Or for that matter someone who isn't an employee at all. Unless they're claiming they have figured out absolutely perfect security such that they can never be hacked or compromised. Or isn't an employee/manager right now, because the thing about companies is that they tend to grow and die, management changes over time, they get bought, etc. That's the human condition, we don't live forever.
Really it's just a LUDICROUS statement to make. This isn't the 1980s, we know how tech works. We've seen tech companies around long enough for heroes to become villains and even heroes again, to watch all stages of lots of lifecycles happen over and over again, all the good and perverse incentives that can take place. To watch, well, decades. Just raw time. Even without centuries as in some industries, some basics are pretty clear at this point and one of them is that absolutely nobody can claim that data they have access too will "never be used" in one way or another given the pace of change and uncertainties of finances and even law.
Notes tend to be things where people put in sensitive stuff, if only for scratch purposes. It's just inevitable, humans are humans. Or put in stuff they don't think is sensitive but who they're wrong, even security agencies can screw stuff like that up. A notes are a tiny amount of data by today's standards, handling everything client-side is not a big ask. So yeah, kind of a wow.
Edit: another top conversation on HN literally right this instant is "“10% error rate is okay“ – Leaked EU Commission document regarding Chat Control"[0]. What happens when the law is changed such that all notes must be constantly scanned by AI for signs of criminal activity?
> Or for that matter someone who isn't an employee at all. Unless they're claiming they have figured out absolutely perfect security such that they can never be hacked or compromised. Or isn't an employee/manager right now, because the thing about companies is that they tend to grow and die, management changes over time, they get bought, etc. That's the human condition, we don't live forever.

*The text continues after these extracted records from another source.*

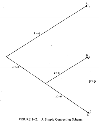 Figure 1-2 displays the three contracting outcomes corresponding to such a description. Associated with each node is a price. So as to facilitate comparison between nodes, assume that suppliers (I) are risk neutral, (2) are prepared to supply under either technology, and (3) will acceprany safeguard condition whatsoever so long as an expected breakeven result can be projected. Thus node A is the general purpose technology (k = 0) supply relation for which a breakeven price of pt is projected. The node B contract is supported by transaction-specific assets (k > 0) for which no safeguard is offered (s = 0). The expected breakeven price here is p¯. The node C contract also employs the special purpose technology. But since the buyer at this node provides the supplier with a safeguard, (s > 0), the breakeven price, pˆ, at node C is less than p¯.
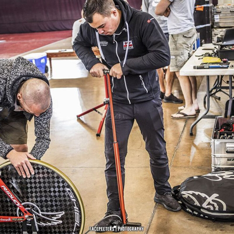 超高圧までスムーズに入るLEZYNE フロアポンプを使用
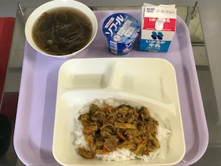 和風カレー丼 もずくとオクラのとろり汁 ヨーグルト 牛乳です。
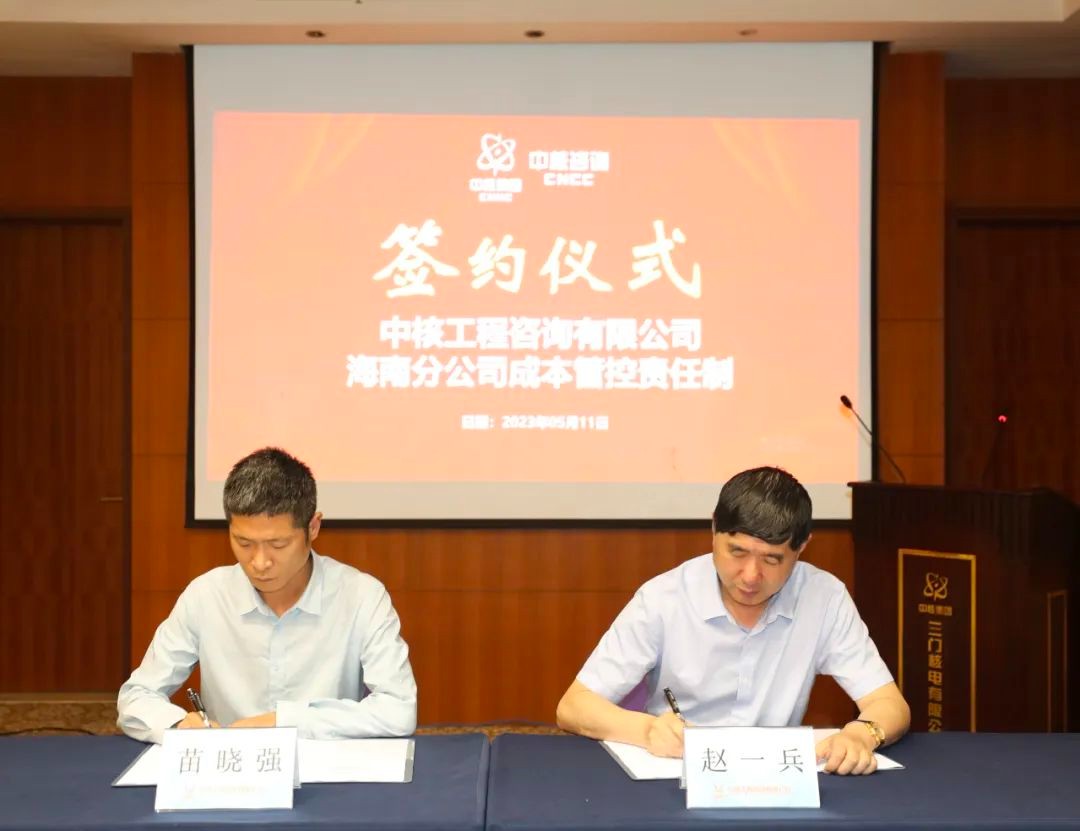 5月11日,中核咨詢在浙江三門核電現場組織召開海南分公司成本管控責任制協議書簽約儀式,公司黨委書記、董事長趙一兵出席簽約儀式,代表公司與海南分公司完成簽約,副總工程師陳建民主持簽約儀式。
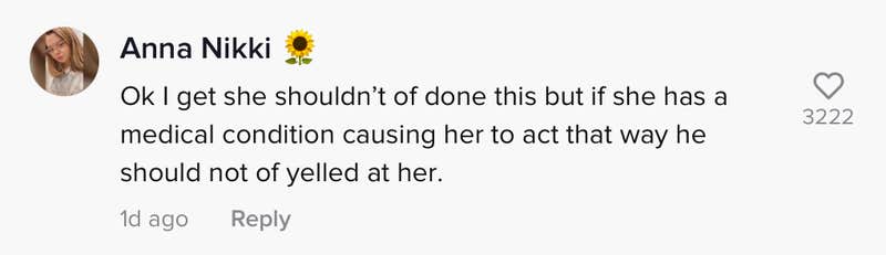 Among those supportive comments, some suggested that the woman was in crisis and the situation could have been handled differently.
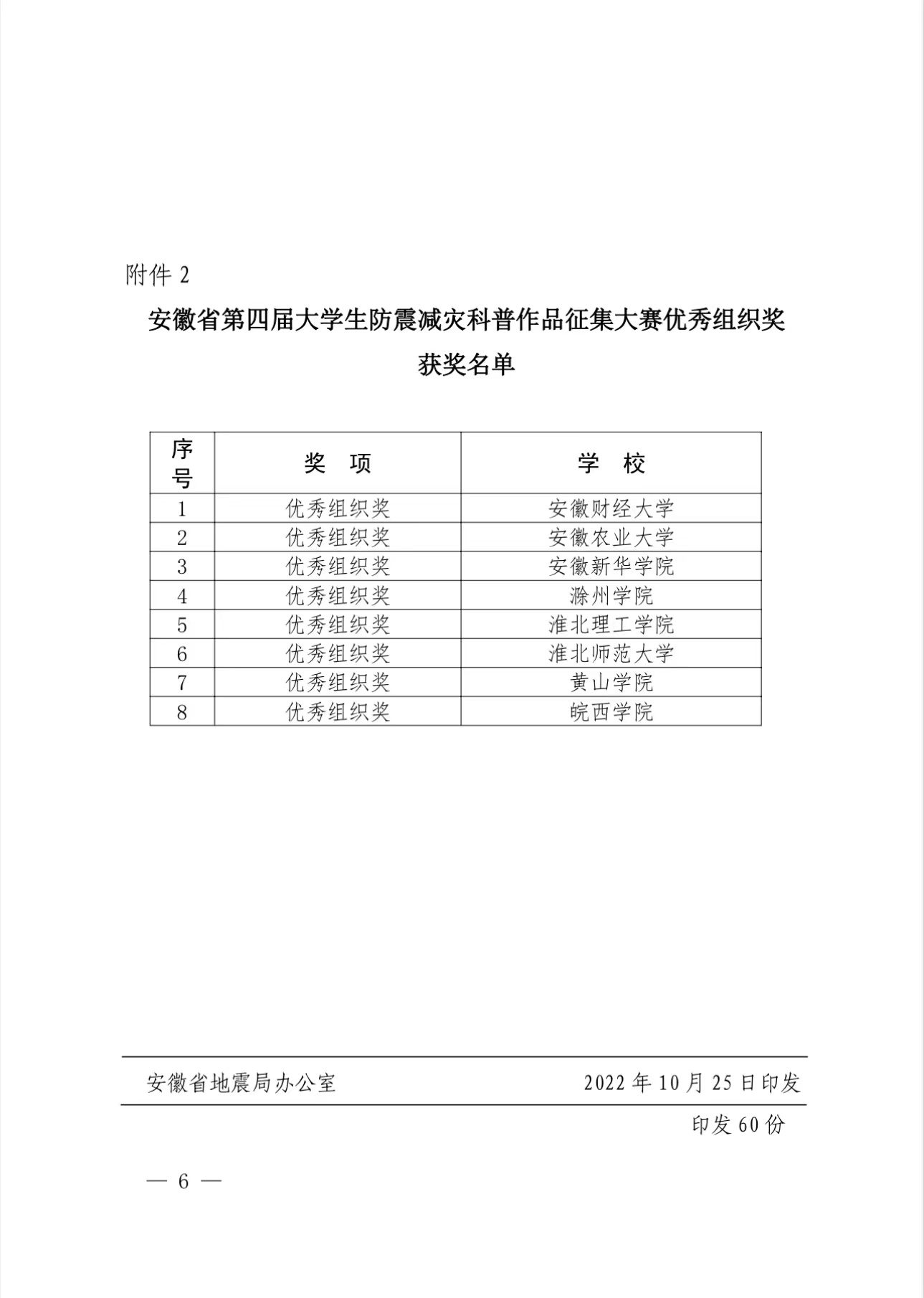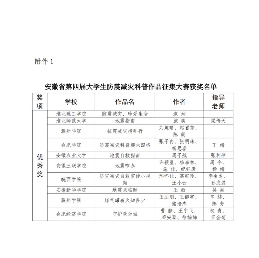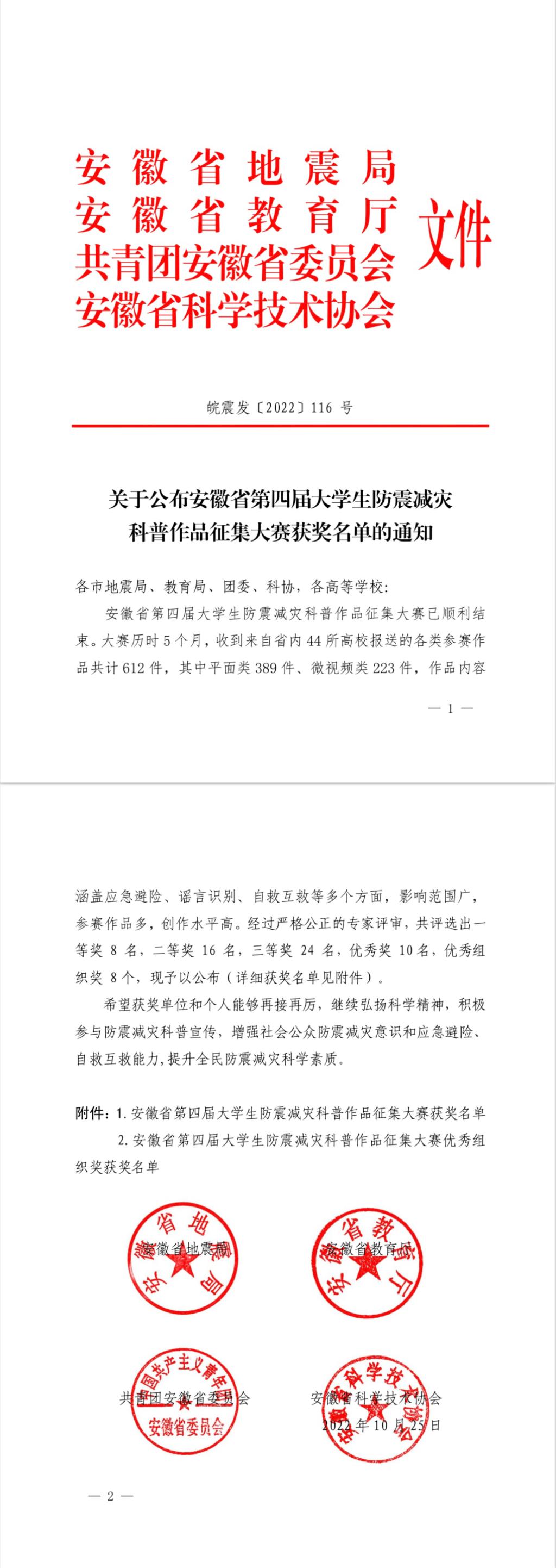 为全面贯彻习近平总书记关于防灾减灾救灾和科学普及重要论述精神,弘扬科学精神,提升全民防震减灾科学素质。由省地震局、省教育厅、团省委、省科协共同主办,安徽省地震局信息中心承办的安徽省第四届大学生防震减灾科普作品征集大赛顺利落下帷幕。beat365官网在大赛中荣获优秀组织奖,报送的学生作品《防震减灾,珍爱生命》(作者:淑娴)荣获优秀奖。

Exactly. The perception I have is that when you subscribe to a non-E2EE service, you're not subscribing to a service. You're actually placing a small bet on the service to: always keep all serverside components up-to-date, proactively monitor for vulnerabilities, proactively implement security controls at the company and technology level, always hire the absolute best engineers, etc.
The problem is that every startup and every company always starts like this. Everyone has the best of intentions. Then the tech debt accumulates, the VC funding dries up, and time goes on. When the service is going to shut down, after being acquired, after being sold, or after being successful, will the serverside security still be perfect?
You have two options: don't store anything sensitive in these services, or assume perfection. I definitely won't bet on the latter.
> Our team will never read or access your note content, unless we have received your express permission during a customer support interaction
So, where is this available? Services with this security property are illegal in the US, and most other countries. (Warrants and bankruptcy courts are two reasons.)
In most currently widely-used E2EE systems isn't the provider in control of the client anyway, and thus there's not really any protection against rogue employees? If I'm in control of the client and I'm encrypting all my data before I send it to the cloud storage provider, then sure, I'm safe against rogue employees at the provider accessing my data (although they could still delete it). But the E2EE systems I'm aware of consist of a provider distributing a client that promises to encrypt data between that client and the provider's servers, but not in a way that makes the process easily auditable by the customer.
I don't know how you do things where you work. But a rogue employ making changes to the product, then wide releasing it or releasing it to anybody is not something you can just do.
And if you did somebody would quickly notice and you might go to prison.
That a pretty high barrier to entry compared to just having admin access on the db.
Of course I'm not suggesting that service providers shouldn't have robust processes to protect against rogue employees. What I'm suggesting is that from the customer's perspective, if you're running a client that was distributed to you from the provider, you should be just as worried about a rogue employee putting something malicious in that client to e.g. compromise the E2EE as you are worried about a rogue employee reading your unencrypted data on the server.
Either naive or dishonest. Can't tell which is worse.
The reason end to end encryption exists is to cover the cases which you can't plan for.
For example a rogue employee reading the notes of their partner.